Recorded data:
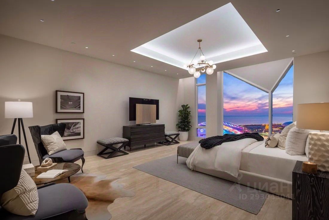 Пентхаус площадью 210 м² распланирован в 3 спальни, каждая спальня оборудована собственной гардеробной и санузлом, просторную кухню гостиную с островом для повода и обеденной зоной, кабинет с великолепным видом на Олимпийский парк и основная большая гардеробная зона. Изюминкой данного апартамента является просторная терраса площадью 30 м² с ротанговой мебелью и великолепным видом. Как вы можете наблюдать, из каждого окна открывается одни из лучших видовых характеристик в Олимпийском парке.
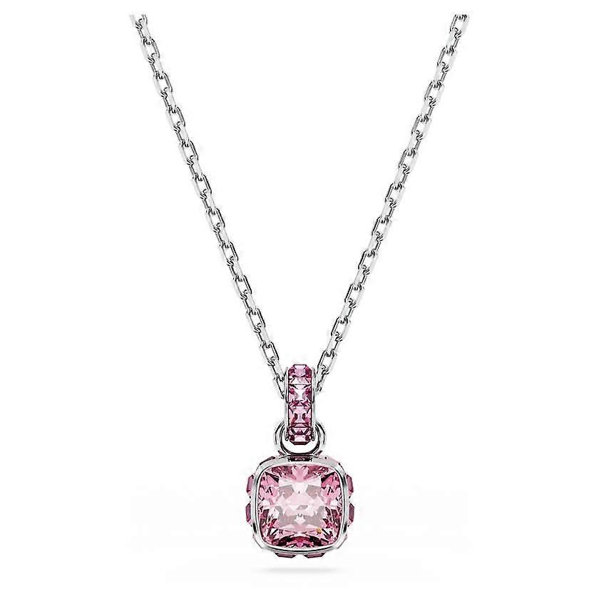 Birthstone Rhodium Plated Pink Square Cut October Pendant 5651791
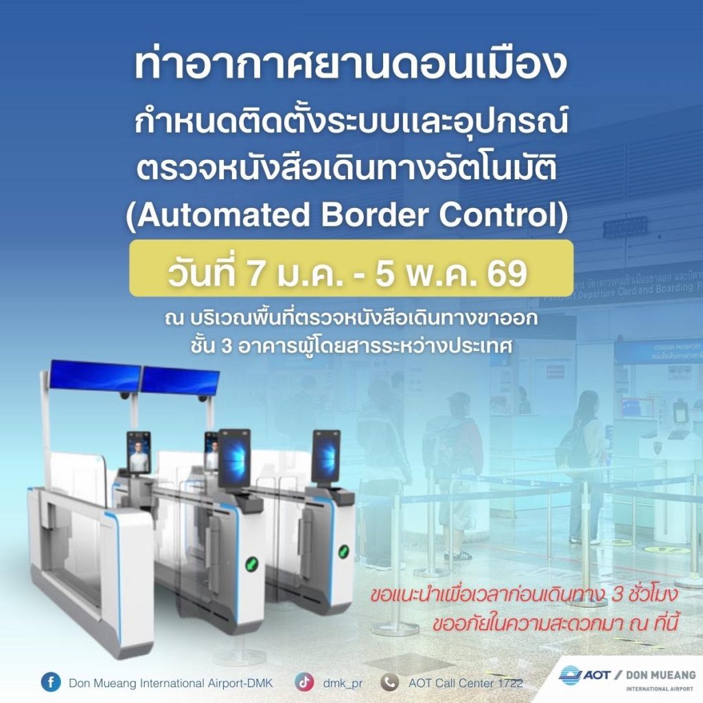 ท่าอากาศยานดอนเมือง แจ้งปิดพื้นที่บางส่วน ติดตั้งระบบตรวจหนังสือเดินทางอัตโนมัติกำหนดการติดตั้งระบบและอุปกรณ์ตรวจหนังสือเดินทางอัตโนมัติ (Automated Border Control) จำนวน 31 ชุด เพื่อเพิ่มประสิทธิภาพการให้บริการที่ทันสมัย รวดเร็ว และลดความแออัดของผู้โดยสาร ตั้งแต่วันที่ 7 มกราคม – 5 พฤษภาคม 2569 บริเวณพื้นที่ตรวจหนังสือเดินทางขาออก ชั้น 3 อาคารผู้โดยสารระหว่างประเทศ (อาคาร 1) ซึ่งจะมีการปิดพื้นที่บางส่วนชั่วคราว โดยเมื่อติดตั้งแล้วเสร็จจะทยอยเปิดให้บริการเครื่อง Automated Border Control ได้ทันที
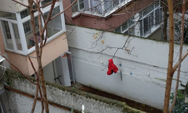 Eine leuchtend rote Daunenkinderjacke im Hinterhof eines Mietshauskomplexes in der Türkei. Sie hängt an dem Ast eines Baumes, der so über eine Mauer ragt, als wolle er seine Hände zur Hilfe nach dem verknäulten Textil ausstrecken.
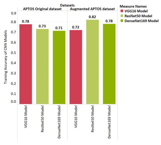 Next, the six models were used to predict the class of the images in the testing data of both the APTOS and the Mauritian datasets. Figure 10 shows the overall testing accuracy obtained with the three CNN models for the original and augmented APTOS datasets. For the ResNet50 model and DenseNet169 model, increases of 9% and 7% were observed, respectively, when dealing with the augmented and balanced dataset. As for the VGG16 model, a decrease of 6.9% was noted for the augmented APTOS dataset.
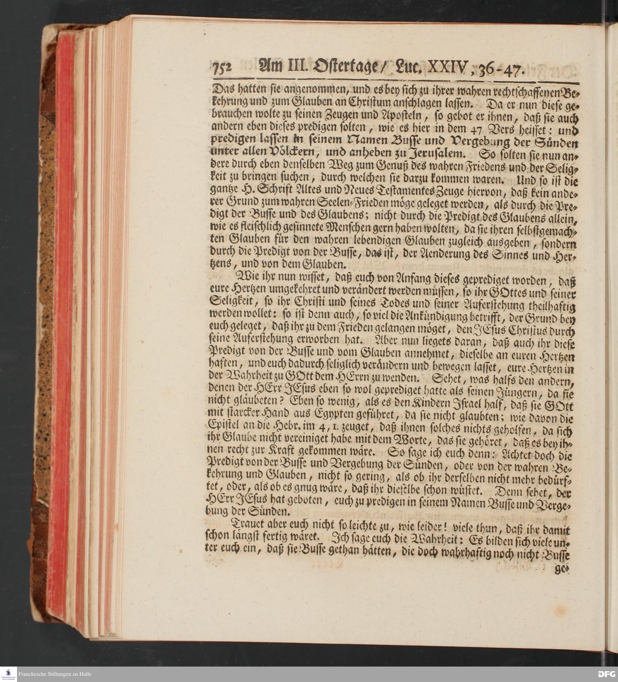 August Hermann Franckens, S.Theol.Prof.und Past. Sonn= und Fest=Tags=Predigten / Welche Theils in Halle, theils an verschiedenen auswärtigen Oertern, von wichtigen und auserlesenen Materien gehalten worden, Nebst Vorbereitung auf die hohen Feste und nützlichen Registern. Dritte Auflage. HALLE, gedruckt und verlegt im Wäysen=Hause MDCCXL. Mit Königl.Preuß.und Churfl.Brandenb.Privileg.
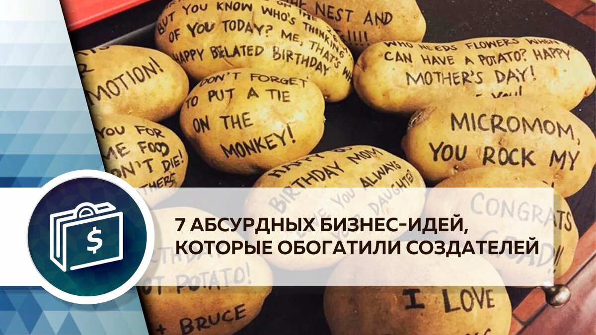 Наверное, каждому приходили в голову необычные идеи, но из-за сложности или авантюрности они так и оставались нереализованными. А может и зря? Мы собрали примеры самых странных бизнесов, которые несмотря на свою причудливость принесли своим создателям деньги. Послание на картошке Представьте мир, в котором вместо открытки, вы каждый раз бабуле картофелину. Именно на такой странной идее и зарабатывают популярные в США сервисы PotatoParcel и MysteryPotato. Людям предлагается отправить поздравление, телеграмму или картинку (за отдельную плату), написанную на картофелине, упакованной в коробку. Несмотря на то, что сервисом можно пользоваться анонимно, создатели запрещают отправлять угрозы и оскорбления. Цена услуги начинается от 10$. Одеяло для лица Вы когда-нибудь просыпались от того, что у вас замерзло лицо? Причём укрыться с головой не поможет — ведь становится нечем дышать. Почему ещё никто не сделал одеяло для лица? Создатели the Face Blanket «серьёзно» подошли к вопросу. Они вы
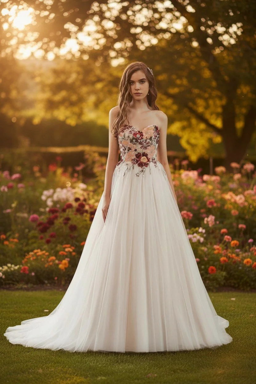 This captivating wedding gown is a true work of art, blending bold floral artistry with dreamy tulle for a look that is both whimsical and unforgettable. The strapless bodice is richly adorned with hand-sewn floral beading in warm, romantic tones—creating a stunning tapestry of shimmering petals and delicate leaves. Its sweetheart neckline enhances the feminine silhouette while offering a modern, fashion-forward edge.
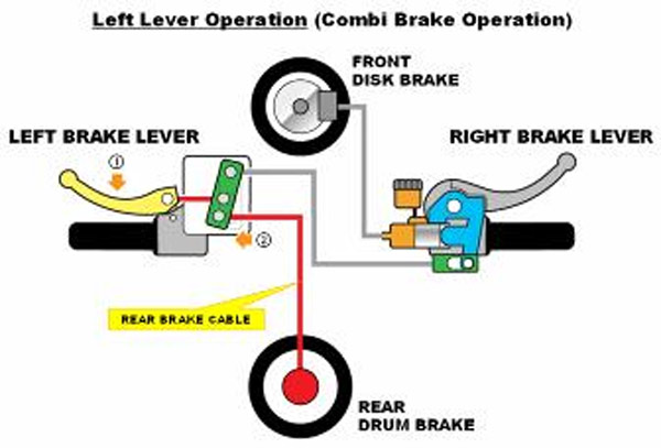 Jika dilihat secara detail, pada tuas rem kiri atau rem belakang terdapat equalizer bercabang dua. Dimana satu kabel mengarah langsung ke rem balakang dan satu kabel lainnya ke kabel konektor tadi. Kabel konektor akan menarik knocker dan mendorong piston hidrolik yang ada di master rem depan.
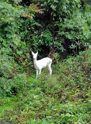 住田町 令和7年10月17日付 7面 「神の使い」か── 世田米に白いシカ出没 「神の使い」か──。住田町世田米地内で、「白いシカ」が目撃されている。秋が深まり色づき始めた山林にたたずむ真っ白な姿。アルビノか白変種の個…
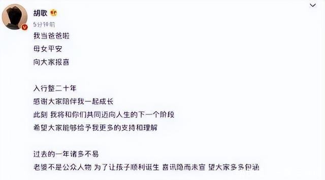 2023年1月31日,胡歌突然在社交平台官宣“我当爸爸了,老婆不是公众人物,为了孩子“小茉莉”顺利出生,喜讯未公布,望大家包含”。
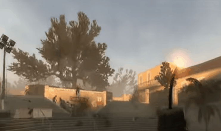 A September 2023 gameplay capture from Hawkins' perspective. An enemy stands on a bridge in front of him.
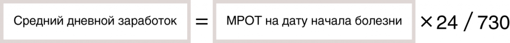 Пример расчета больничного из МРОТ в 2020 году.
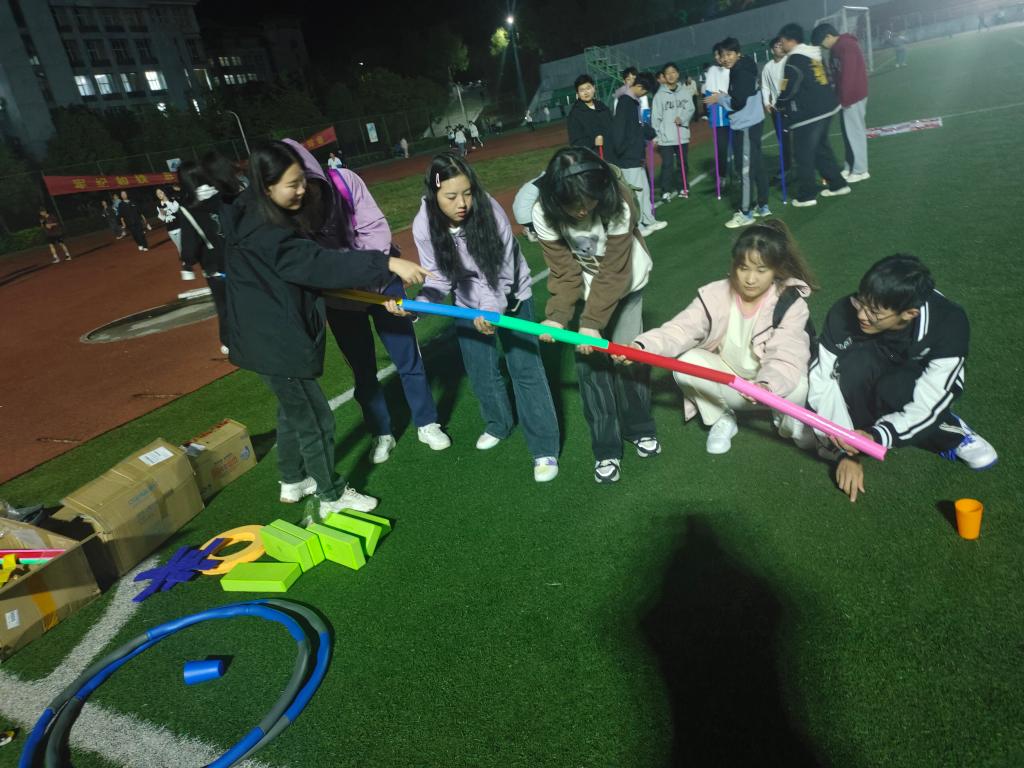 活动一共设置了五组小游戏,分别为“不倒森林”、“传呼啦圈”、“摸石过河”、“接力运球”、“竞速三子棋”。首先刘艺颖向同学们介绍了各游戏的规则并进行了示范,并将所有人分成两组进行赛前练习,练习过程中,同学们通过积极沟通交流很快适熟悉了游戏规则。随后两组进行了正式比赛角逐,秉着“友谊第一,比赛第二”的原则,同学们配合默契,展现了团结合作的良好精神风貌。最后,活动在欢声笑语中圆满结束。
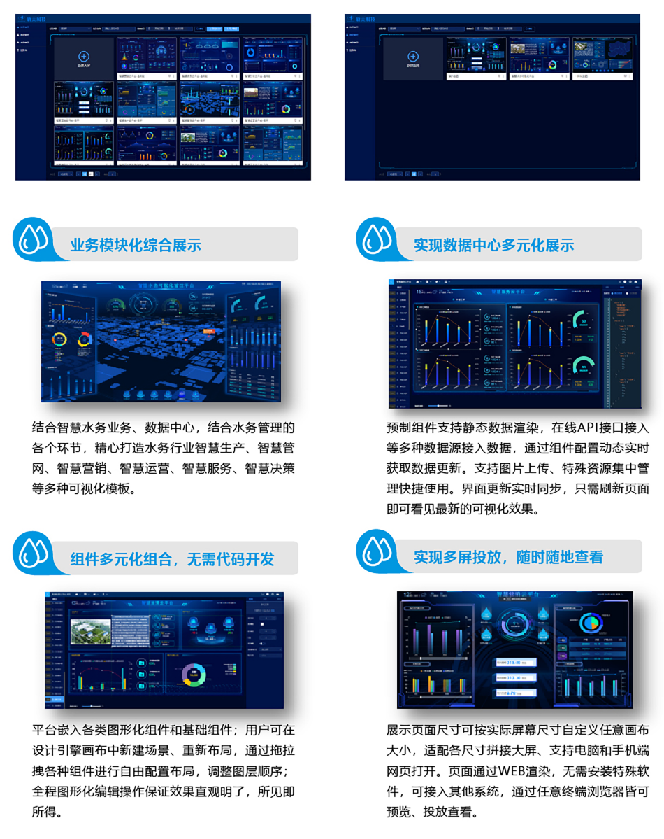 水务可视化平台帮助客户通过可视化应用模块分析展示庞杂数据。将业务数据图形化、形象化,旨在让更多的人直观看到数据可视化的魅力,给企业人员提供简单、易操作的数据可视化界面搭建平台,满足业务监控、数据分析、安全预警、地理信息分析等各行业多业务的展观需求,实现水务企业运行管理的信息化、智能化、可视化和集成化。

### The task
Write out the records once more, word for word, though without the pictures they contain.

### Reply
 Пентхаус площадью 210 м² распланирован в 3 спальни, каждая спальня оборудована собственной гардеробной и санузлом, просторную кухню гостиную с островом для повода и обеденной зоной, кабинет с великолепным видом на Олимпийский парк и основная большая гардеробная зона. Изюминкой данного апартамента является просторная терраса площадью 30 м² с ротанговой мебелью и великолепным видом. Как вы можете наблюдать, из каждого окна открывается одни из лучших видовых характеристик в Олимпийском парке.
 Birthstone Rhodium Plated Pink Square Cut October Pendant 5651791
 ท่าอากาศยานดอนเมือง แจ้งปิดพื้นที่บางส่วน ติดตั้งระบบตรวจหนังสือเดินทางอัตโนมัติกำหนดการติดตั้งระบบและอุปกรณ์ตรวจหนังสือเดินทางอัตโนมัติ (Automated Border Control) จำนวน 31 ชุด เพื่อเพิ่มประสิทธิภาพการให้บริการที่ทันสมัย รวดเร็ว และลดความแออัดของผู้โดยสาร ตั้งแต่วันที่ 7 มกราคม – 5 พฤษภาคม 2569 บริเวณพื้นที่ตรวจหนังสือเดินทางขาออก ชั้น 3 อาคารผู้โดยสารระหว่างประเทศ (อาคาร 1) ซึ่งจะมีการปิดพื้นที่บางส่วนชั่วคราว โดยเมื่อติดตั้งแล้วเสร็จจะทยอยเปิดให้บริการเครื่อง Automated Border Control ได้ทันที
 Eine leuchtend rote Daunenkinderjacke im Hinterhof eines Mietshauskomplexes in der Türkei. Sie hängt an dem Ast eines Baumes, der so über eine Mauer ragt, als wolle er seine Hände zur Hilfe nach dem verknäulten Textil ausstrecken.
 Next, the six models were used to predict the class of the images in the testing data of both the APTOS and the Mauritian datasets. Figure 10 shows the overall testing accuracy obtained with the three CNN models for the original and augmented APTOS datasets. For the ResNet50 model and DenseNet169 model, increases of 9% and 7% were observed, respectively, when dealing with the augmented and balanced dataset. As for the VGG16 model, a decrease of 6.9% was noted for the augmented APTOS dataset.
 August Hermann Franckens, S.Theol.Prof.und Past. Sonn= und Fest=Tags=Predigten / Welche Theils in Halle, theils an verschiedenen auswärtigen Oertern, von wichtigen und auserlesenen Materien gehalten worden, Nebst Vorbereitung auf die hohen Feste und nützlichen Registern. Dritte Auflage. HALLE, gedruckt und verlegt im Wäysen=Hause MDCCXL. Mit Königl.Preuß.und Churfl.Brandenb.Privileg.
 Наверное, каждому приходили в голову необычные идеи, но из-за сложности или авантюрности они так и оставались нереализованными. А может и зря? Мы собрали примеры самых странных бизнесов, которые несмотря на свою причудливость принесли своим создателям деньги. Послание на картошке Представьте мир, в котором вместо открытки, вы каждый раз бабуле картофелину. Именно на такой странной идее и зарабатывают популярные в США сервисы PotatoParcel и MysteryPotato. Людям предлагается отправить поздравление, телеграмму или картинку (за отдельную плату), написанную на картофелине, упакованной в коробку. Несмотря на то, что сервисом можно пользоваться анонимно, создатели запрещают отправлять угрозы и оскорбления. Цена услуги начинается от 10$. Одеяло для лица Вы когда-нибудь просыпались от того, что у вас замерзло лицо? Причём укрыться с головой не поможет — ведь становится нечем дышать. Почему ещё никто не сделал одеяло для лица? Создатели the Face Blanket «серьёзно» подошли к вопросу. Они вы
 This captivating wedding gown is a true work of art, blending bold floral artistry with dreamy tulle for a look that is both whimsical and unforgettable. The strapless bodice is richly adorned with hand-sewn floral beading in warm, romantic tones—creating a stunning tapestry of shimmering petals and delicate leaves. Its sweetheart neckline enhances the feminine silhouette while offering a modern, fashion-forward edge.
 Jika dilihat secara detail, pada tuas rem kiri atau rem belakang terdapat equalizer bercabang dua. Dimana satu kabel mengarah langsung ke rem balakang dan satu kabel lainnya ke kabel konektor tadi. Kabel konektor akan menarik knocker dan mendorong piston hidrolik yang ada di master rem depan.
 住田町 令和7年10月17日付 7面 「神の使い」か── 世田米に白いシカ出没 「神の使い」か──。住田町世田米地内で、「白いシカ」が目撃されている。秋が深まり色づき始めた山林にたたずむ真っ白な姿。アルビノか白変種の個…
 2023年1月31日,胡歌突然在社交平台官宣“我当爸爸了,老婆不是公众人物,为了孩子“小茉莉”顺利出生,喜讯未公布,望大家包含”。
 A September 2023 gameplay capture from Hawkins' perspective. An enemy stands on a bridge in front of him.
 Пример расчета больничного из МРОТ в 2020 году.
 活动一共设置了五组小游戏,分别为“不倒森林”、“传呼啦圈”、“摸石过河”、“接力运球”、“竞速三子棋”。首先刘艺颖向同学们介绍了各游戏的规则并进行了示范,并将所有人分成两组进行赛前练习,练习过程中,同学们通过积极沟通交流很快适熟悉了游戏规则。随后两组进行了正式比赛角逐,秉着“友谊第一,比赛第二”的原则,同学们配合默契,展现了团结合作的良好精神风貌。最后,活动在欢声笑语中圆满结束。
 水务可视化平台帮助客户通过可视化应用模块分析展示庞杂数据。将业务数据图形化、形象化,旨在让更多的人直观看到数据可视化的魅力,给企业人员提供简单、易操作的数据可视化界面搭建平台,满足业务监控、数据分析、安全预警、地理信息分析等各行业多业务的展观需求,实现水务企业运行管理的信息化、智能化、可视化和集成化。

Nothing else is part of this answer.